- Directed by: Stole Jankovic
- Written by: Stole Jankovic
- Produced by: Ika Panajotovic
- Starring: Rod Taylor Adam West Xenia Gratsos Bata Živojinović
- Release date: 1974;
- Country: Yugoslavia
- Language: English
- Budget: $2 million

= Hell River =

Hell River, also known as Partisans (Partizani) and The Last Guerilla, is a 1974 Yugoslav partisan film starring Rod Taylor as a Yugoslav raised in America who returns home to fight the Germans as a Partisan in World War II. Adam West plays a German officer.

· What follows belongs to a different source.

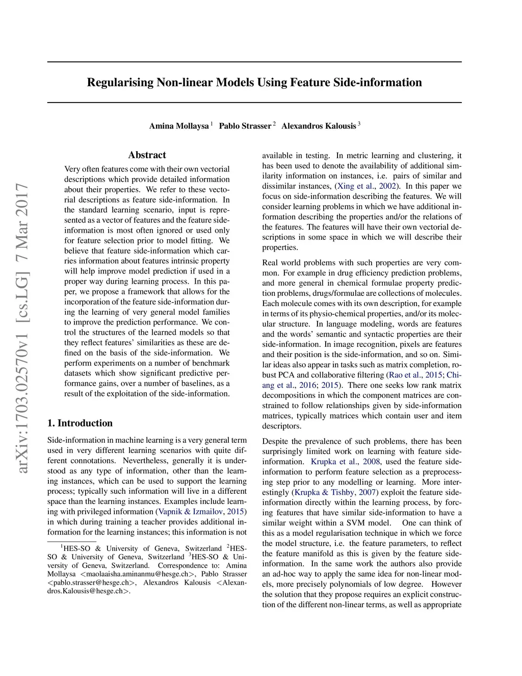 Regularising Non-linear Models Using Feature Side-information

The film was shot on location in Yugoslavia, and claims to be based on a true story. There are several versions, including an original three-hour cut made for Yugoslavian television, and a feature-length version for the American market. Rod Taylor was involved in rewriting and shooting some additional scenes during post production.

==Cast==
- Rod Taylor as Marko
- Adam West as Capt. Kurt Kohler
- Brioni Farrell as Anna Kleitz
- Bata Živojinović as Brka
- Peter Carsten as Col. Henke
- Olivera Katarina as Mila
- Branko Pleša as Brig. Gen. Steiger
- Marinko Šebez as Sele
- Janez Vrhovec as Col. Hoffmann
- Dragomir Felba as Chicha
- Gizela Vuković as Woman Mayor
- Cane Firaunović as Lt. Schuler
- Jovan Janićijević as Machek
- Dragomir Čumić as Partisan (uncredited)
- Dragomir Stanojevic as German (uncredited)
- Zoran Stojiljković as German Officer (uncredited)
- Predrag Milinković as Jewish Refugee (uncredited)

==Legacy==
The producer, Ika Panajotovic, was a lawyer and former tennis player who represented Yugoslavia in the Davis Cup and reached the semi-finals at Wimbledon.

Footage from Hell River was used in Once Upon a Time in Hollywood, reedited to feature Leonardo DiCaprio. The film's director, Quentin Tarantino, has been reported to be a fan of the film.